WHAT IS EXPECTED: Return all the lines below exactly as written. Drop every picture.

AVAILABLE DATA:
* * * * * * *
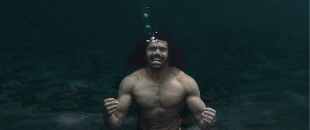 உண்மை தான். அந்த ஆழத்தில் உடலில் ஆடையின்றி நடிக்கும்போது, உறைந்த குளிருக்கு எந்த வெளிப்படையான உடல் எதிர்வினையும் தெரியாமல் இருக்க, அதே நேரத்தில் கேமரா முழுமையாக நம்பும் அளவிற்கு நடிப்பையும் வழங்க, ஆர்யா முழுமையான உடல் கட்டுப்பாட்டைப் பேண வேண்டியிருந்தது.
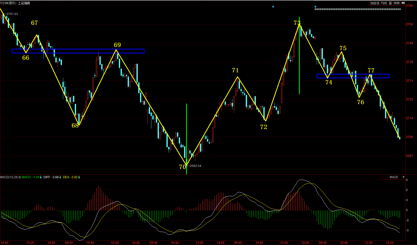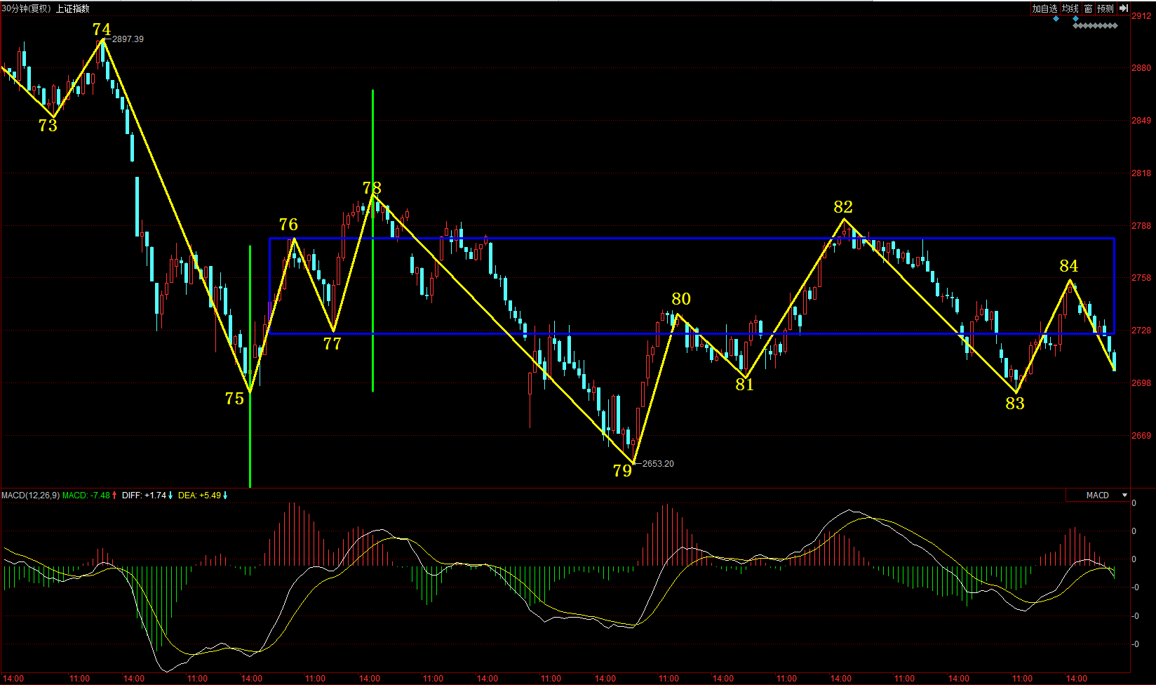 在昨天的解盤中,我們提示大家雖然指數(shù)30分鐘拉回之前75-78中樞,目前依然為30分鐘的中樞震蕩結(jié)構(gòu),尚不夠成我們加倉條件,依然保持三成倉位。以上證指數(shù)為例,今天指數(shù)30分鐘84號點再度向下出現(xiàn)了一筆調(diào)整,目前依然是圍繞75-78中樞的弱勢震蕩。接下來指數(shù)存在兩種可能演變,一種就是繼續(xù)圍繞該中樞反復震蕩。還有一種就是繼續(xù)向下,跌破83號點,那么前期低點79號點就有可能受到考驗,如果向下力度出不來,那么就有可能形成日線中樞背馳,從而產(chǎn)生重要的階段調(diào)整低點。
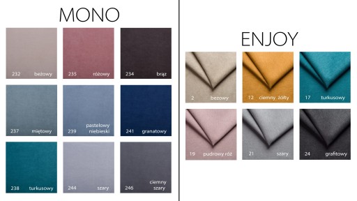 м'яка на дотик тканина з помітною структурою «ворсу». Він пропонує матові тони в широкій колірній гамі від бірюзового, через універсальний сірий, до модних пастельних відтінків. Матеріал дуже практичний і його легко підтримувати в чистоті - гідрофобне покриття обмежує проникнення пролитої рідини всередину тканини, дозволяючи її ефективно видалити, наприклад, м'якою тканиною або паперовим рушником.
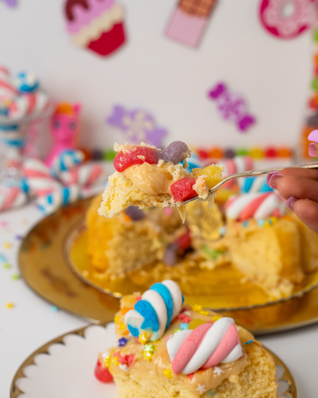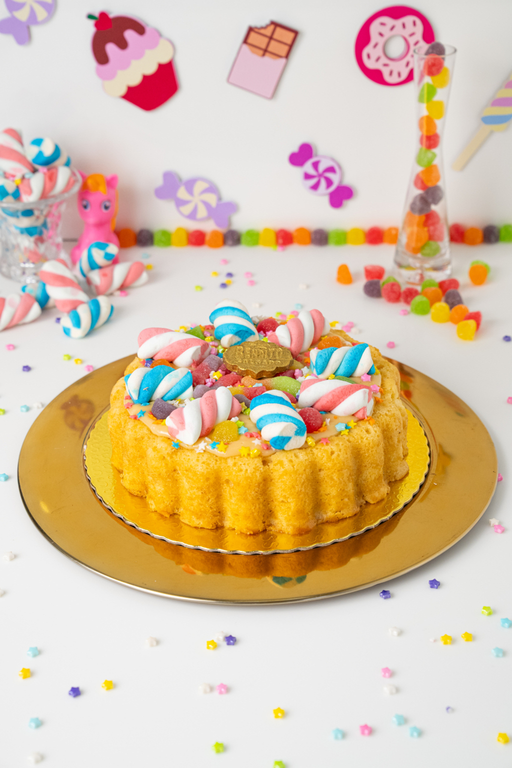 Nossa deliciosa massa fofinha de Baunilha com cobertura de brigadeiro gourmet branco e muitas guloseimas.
* * * * * * *
SOLUTION TO THIS PROBLEM:
 உண்மை தான். அந்த ஆழத்தில் உடலில் ஆடையின்றி நடிக்கும்போது, உறைந்த குளிருக்கு எந்த வெளிப்படையான உடல் எதிர்வினையும் தெரியாமல் இருக்க, அதே நேரத்தில் கேமரா முழுமையாக நம்பும் அளவிற்கு நடிப்பையும் வழங்க, ஆர்யா முழுமையான உடல் கட்டுப்பாட்டைப் பேண வேண்டியிருந்தது.
 在昨天的解盤中,我們提示大家雖然指數(shù)30分鐘拉回之前75-78中樞,目前依然為30分鐘的中樞震蕩結(jié)構(gòu),尚不夠成我們加倉條件,依然保持三成倉位。以上證指數(shù)為例,今天指數(shù)30分鐘84號點再度向下出現(xiàn)了一筆調(diào)整,目前依然是圍繞75-78中樞的弱勢震蕩。接下來指數(shù)存在兩種可能演變,一種就是繼續(xù)圍繞該中樞反復震蕩。還有一種就是繼續(xù)向下,跌破83號點,那么前期低點79號點就有可能受到考驗,如果向下力度出不來,那么就有可能形成日線中樞背馳,從而產(chǎn)生重要的階段調(diào)整低點。
 м'яка на дотик тканина з помітною структурою «ворсу». Він пропонує матові тони в широкій колірній гамі від бірюзового, через універсальний сірий, до модних пастельних відтінків. Матеріал дуже практичний і його легко підтримувати в чистоті - гідрофобне покриття обмежує проникнення пролитої рідини всередину тканини, дозволяючи її ефективно видалити, наприклад, м'якою тканиною або паперовим рушником.
 Nossa deliciosa massa fofinha de Baunilha com cobertura de brigadeiro gourmet branco e muitas guloseimas.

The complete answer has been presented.